Your goal:
Starting with the line that has "10. ΣΥΜΒΑΣΗ ΓΙΑ" in the records below and ending with the line that has "well, in my", output those lines exactly and nothing more; omit the pictures.

Task input:
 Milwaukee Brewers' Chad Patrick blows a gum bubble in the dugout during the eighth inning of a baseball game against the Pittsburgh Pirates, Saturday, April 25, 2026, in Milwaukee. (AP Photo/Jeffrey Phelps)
==
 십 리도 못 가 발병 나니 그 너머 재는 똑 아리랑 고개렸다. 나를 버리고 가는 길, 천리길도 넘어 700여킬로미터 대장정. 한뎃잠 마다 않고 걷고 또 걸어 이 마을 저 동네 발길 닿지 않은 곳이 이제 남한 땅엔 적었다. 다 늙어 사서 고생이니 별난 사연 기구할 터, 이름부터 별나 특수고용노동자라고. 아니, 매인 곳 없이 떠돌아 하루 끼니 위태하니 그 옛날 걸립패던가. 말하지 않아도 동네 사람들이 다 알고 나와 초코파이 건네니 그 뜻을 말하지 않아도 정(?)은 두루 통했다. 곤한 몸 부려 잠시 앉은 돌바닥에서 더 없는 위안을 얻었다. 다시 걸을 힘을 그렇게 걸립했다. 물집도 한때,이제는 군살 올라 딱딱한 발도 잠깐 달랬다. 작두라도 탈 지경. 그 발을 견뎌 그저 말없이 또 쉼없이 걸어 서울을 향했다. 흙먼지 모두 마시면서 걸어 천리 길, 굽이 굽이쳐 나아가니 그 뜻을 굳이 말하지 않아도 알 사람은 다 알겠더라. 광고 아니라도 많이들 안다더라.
* * *
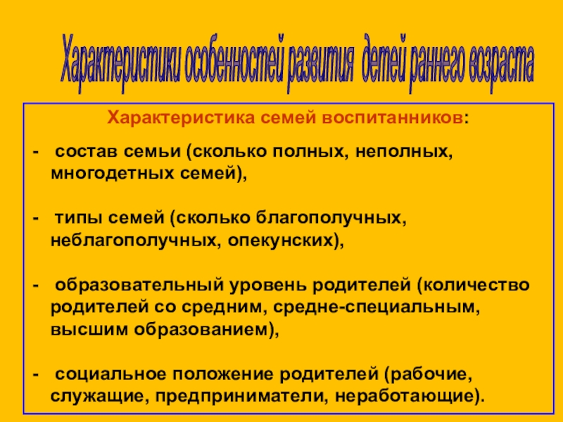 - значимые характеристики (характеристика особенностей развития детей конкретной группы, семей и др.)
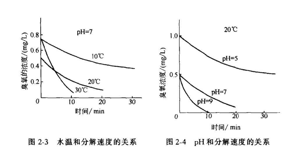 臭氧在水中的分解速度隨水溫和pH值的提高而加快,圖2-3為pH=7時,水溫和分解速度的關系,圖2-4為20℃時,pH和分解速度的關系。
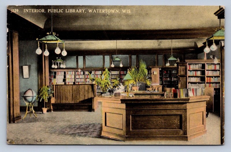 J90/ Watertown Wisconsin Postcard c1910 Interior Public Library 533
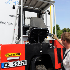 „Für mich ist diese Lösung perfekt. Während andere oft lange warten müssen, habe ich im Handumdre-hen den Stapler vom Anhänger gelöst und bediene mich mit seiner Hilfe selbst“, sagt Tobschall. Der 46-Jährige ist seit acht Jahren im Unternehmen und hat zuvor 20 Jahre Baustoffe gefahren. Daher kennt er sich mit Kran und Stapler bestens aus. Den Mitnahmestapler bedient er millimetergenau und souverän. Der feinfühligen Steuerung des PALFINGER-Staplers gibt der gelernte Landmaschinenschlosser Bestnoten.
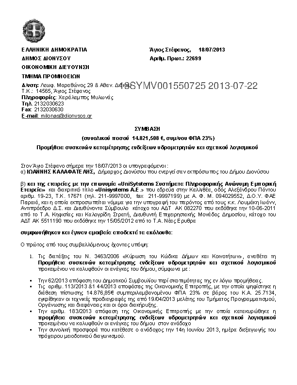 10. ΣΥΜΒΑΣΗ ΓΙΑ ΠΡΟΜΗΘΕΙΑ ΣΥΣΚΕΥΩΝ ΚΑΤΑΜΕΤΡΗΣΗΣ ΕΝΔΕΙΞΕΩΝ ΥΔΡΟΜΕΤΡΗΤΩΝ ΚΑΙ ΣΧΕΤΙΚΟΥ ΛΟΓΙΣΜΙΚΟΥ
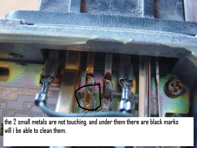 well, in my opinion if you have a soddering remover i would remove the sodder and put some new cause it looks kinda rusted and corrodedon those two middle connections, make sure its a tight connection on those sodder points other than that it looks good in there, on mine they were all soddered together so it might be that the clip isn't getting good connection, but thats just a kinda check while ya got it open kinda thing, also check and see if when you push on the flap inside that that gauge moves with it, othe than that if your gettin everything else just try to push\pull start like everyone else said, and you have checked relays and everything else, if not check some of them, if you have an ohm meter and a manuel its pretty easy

Written answer:
 10. ΣΥΜΒΑΣΗ ΓΙΑ ΠΡΟΜΗΘΕΙΑ ΣΥΣΚΕΥΩΝ ΚΑΤΑΜΕΤΡΗΣΗΣ ΕΝΔΕΙΞΕΩΝ ΥΔΡΟΜΕΤΡΗΤΩΝ ΚΑΙ ΣΧΕΤΙΚΟΥ ΛΟΓΙΣΜΙΚΟΥ
 well, in my opinion if you have a soddering remover i would remove the sodder and put some new cause it looks kinda rusted and corrodedon those two middle connections, make sure its a tight connection on those sodder points other than that it looks good in there, on mine they were all soddered together so it might be that the clip isn't getting good connection, but thats just a kinda check while ya got it open kinda thing, also check and see if when you push on the flap inside that that gauge moves with it, othe than that if your gettin everything else just try to push\pull start like everyone else said, and you have checked relays and everything else, if not check some of them, if you have an ohm meter and a manuel its pretty easy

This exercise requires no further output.